Islanders win eighth in row: How they’ve built the streak

The local football teams are disastrously down, the Knicks are still the Knicks, the Mets just hired another manager, and the Rangers and Devils are experiencing their expected rebuilding growing pains.

It certainly sounds weird for longtime observers of the Islanders to view them as one of the more stable sports franchises presently in New York, but that fully appears to be the case in their second year under GM Lou Lamoriello and head coach Barry Trotz.

Aaron Boone obviously has led the Yankees to successive 100-plus win seasons and playoff appearances in his first two years in the Bronx, but you also certainly could make the case that Trotz presently is the top coach in the local area.

After winning a Stanley Cup with Washington in 2018, he led the Islanders to only their second playoff series win since 1993 last spring. He also has them off to a rousing 9-3-0 start — including an eight-game winning streak, their longest in nearly 30 years — following Friday’s 5-2 clampdown victory over the Tampa Bay Lightning at the Coliseum.

“I think we could hit the ground running a little bit more in camp this year. You have a little bit less to learn, in a sense, and you understand how things work and everything else. I think that’s what we did this year as much as possible,” Islanders captain Anders Lee said. “We’ve put a little bit of a decent start together, but it’s a long year and we’ve got to continue to challenge ourselves to be better.

“Last year I think there was a lot of change, obviously, around here, and we had a lot to prove, and even this year, coming in, not a lot of changes within our team, and we still have to go out there and do something about it. But yeah, you look around town, there’s still a lot of great teams, but it’s early in the year, for sure. We’re just trying to do what we can here.”

Following the free-agent defection of then-captain John Tavares to Toronto, the Isles managed 103 points last season and swept Pittsburgh in the first round of the Stanley Cup playoffs in April before falling in four games in the next round to Carolina.

They opened this season by dropping three of their first four games, but their eight consecutive wins thereafter represent their longest streak since taking nine straight from Dec. 1989 through Jan. 1990.

Trotz, the 2019 Jack Adams Award winner as NHL Coach of the Year, spent the five days since the Isles’ previous win Sunday against Philadelphia preaching about focus and against complacency. But second-period goals by Mathew Barzal and Ryan Pulock, three more by Josh Bailey, Lee and Derick Brassard (empty-net) in the final 7:19 of the third, and 33 saves from a stellar Thomas Greiss proved he needn’t have been concerned in that regard.
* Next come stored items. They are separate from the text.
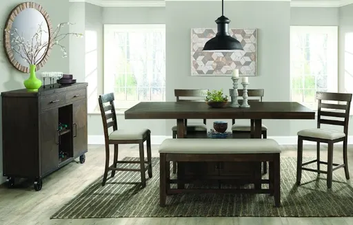 The Colorado counter height dining brings boldness to a dining scheme. With a trestle base design and a deep charcoal finish, this everyday counter height table serves as a perfect gathering space.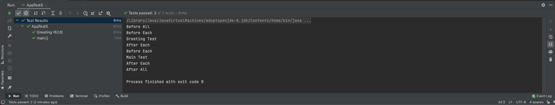 Gradle을 이용해 자바 프로젝트를 생성해서 JUnit5를 사용했다.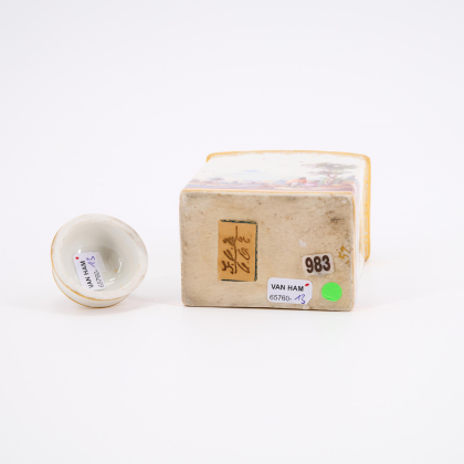 Beschreibung: Rechteckiger Korpus mit gerundeter Schulter, darauf Blumendekor. Umlaufende, fein gemalte Kauffahrteiszenen. Unten mit roter Doppellinie abgeschlossen. Unterhalb der Schulter Goldspitzenbordüre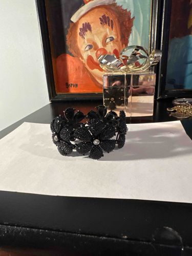 This is a wide, statement-style cuff bracelet featuring a repeating floral motif. The piece is constructed with multiple flower-shaped segments, each adorned with a pavé-style setting of small, round black faceted rhinestones or crystals. Each individual flower centers a larger, contrasting clear or white crystal, which serves as a focal point against the dark base. The metal framework appears to be finished in a black or dark gunmetal plating to blend seamlessly with the stones. The bracelet has a substantial, chunky profile and appears to be of the 'stretch' or hinged variety, common in mid-to-high-end costume jewelry. Regarding condition, the piece appears to be in good vintage or contemporary condition with all visible stones intact, though microscopic inspection would be needed to check for loose settings or surface scratches on the facets. There are no obvious signs of metal oxidation or plating loss. This style is characteristic of late 20th-century to early 21st-century costume jewelry, emphasizing bold, glamorous aesthetics typical of brands such as Kenneth Jay Lane or high-end boutique labels. The craftsmanship shows careful attention to detail in the alignment of the pavé stones and the multi-dimensional layering of the floral petals.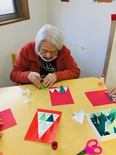 三角形がたったの9枚で、かわいいツリーができました☆☆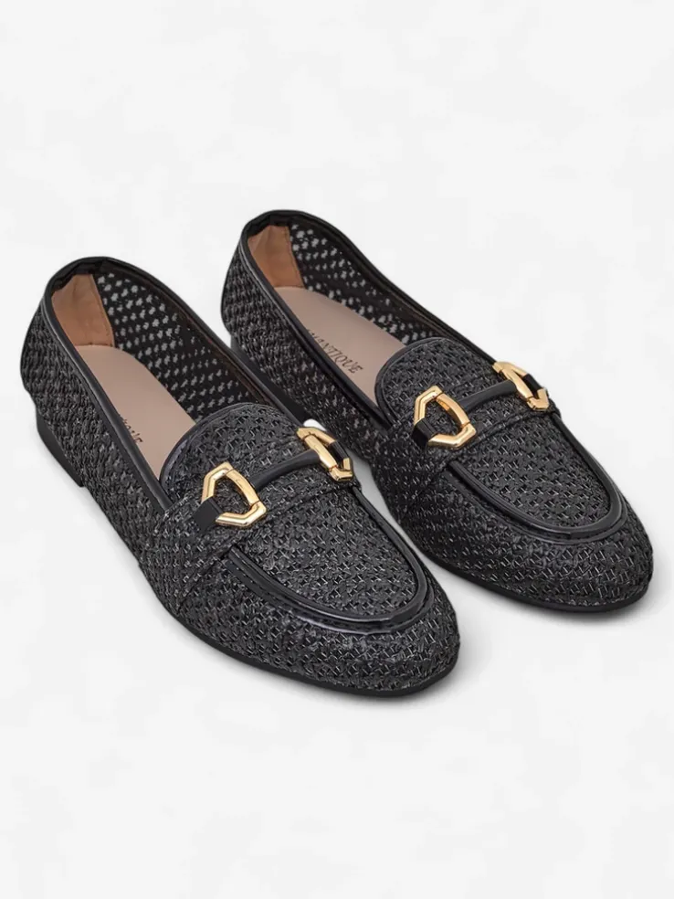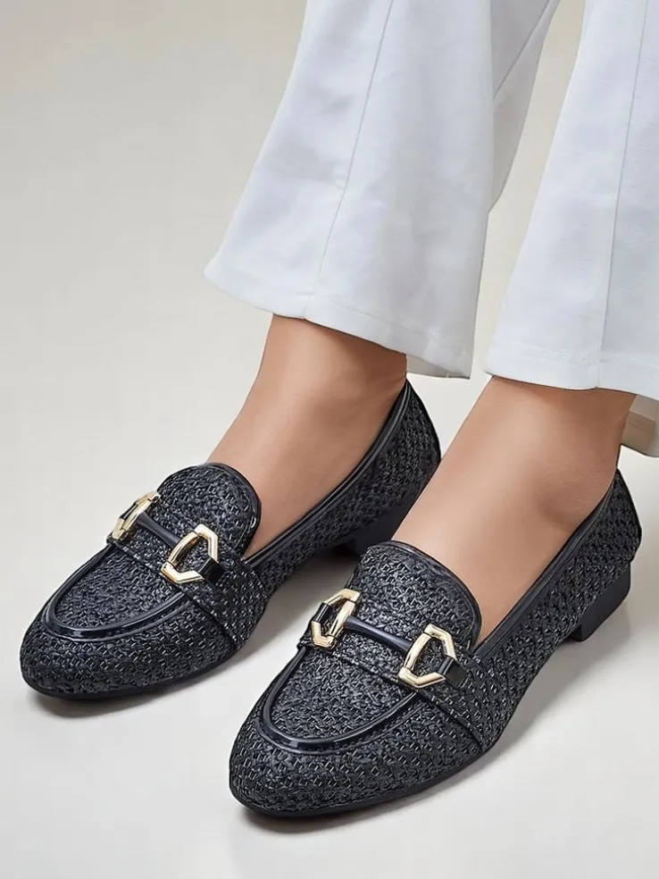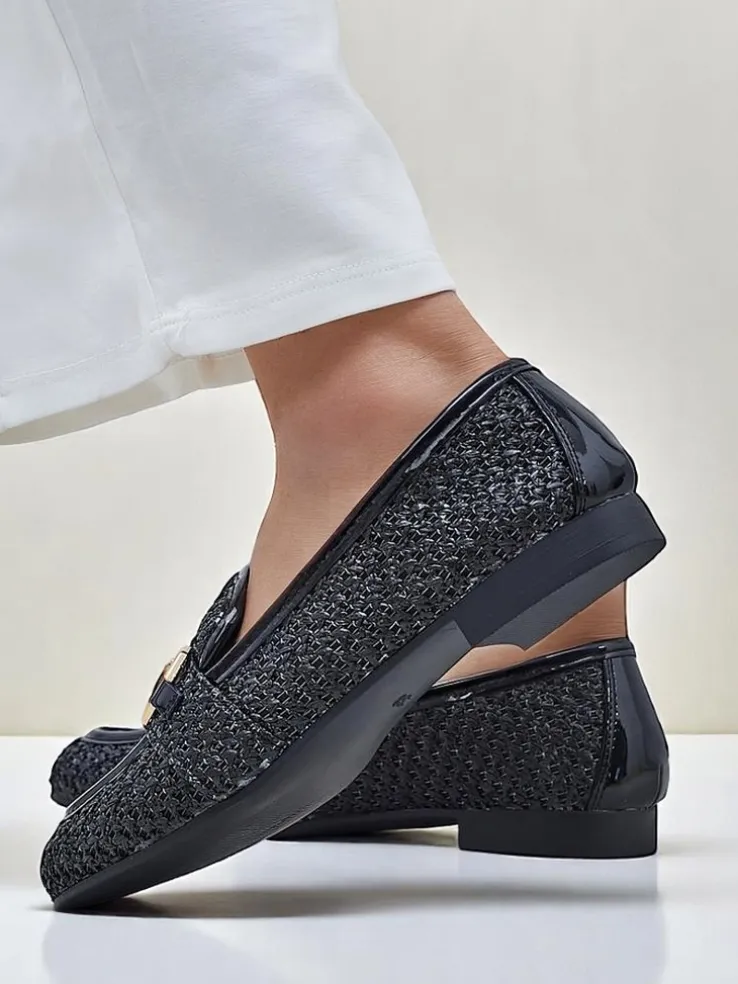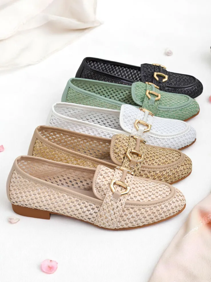 - Lekkie, damskie mokasyny na płaskiej podeszwie. Model w stylu casual i jest wykonany z plecionej tkaniny, wkładka to skóra ekologiczna. Idealne do wiosennych outfitów!.

“You can get full of yourself, yep, absolutely,” Trotz said. “I think it shows in practice, we practice really well. That’s always the first indicator, if a team is getting full of themselves, they don’t practice very well. They start cheating, they start not executing. I wouldn’t say that with this group. They haven’t done that.

“We rarely look up and don’t start counting things off. That’s the mentality that we have. There’s not a lot of patting each other on the back.”

Lee also had opportunities to leave as a free agent over the summer, but he elected to stay, inking a seven-year deal worth $49 million in July to continue building the identity the Isles began to implement last year under Trotz.

“It’s hard work. It’s playing tough. I think it’s detail-oriented, and I think it’s playing with pride for your team and your teammates and going out there every night and giving it everything you have,” Lee said. “I think that’s been the identity of our group for a while now, and that identity is a lot to do with going out there and proving it, too, every night. You can’t just have it one game and not the other. It’s one of those things you’re always continuing to be better.”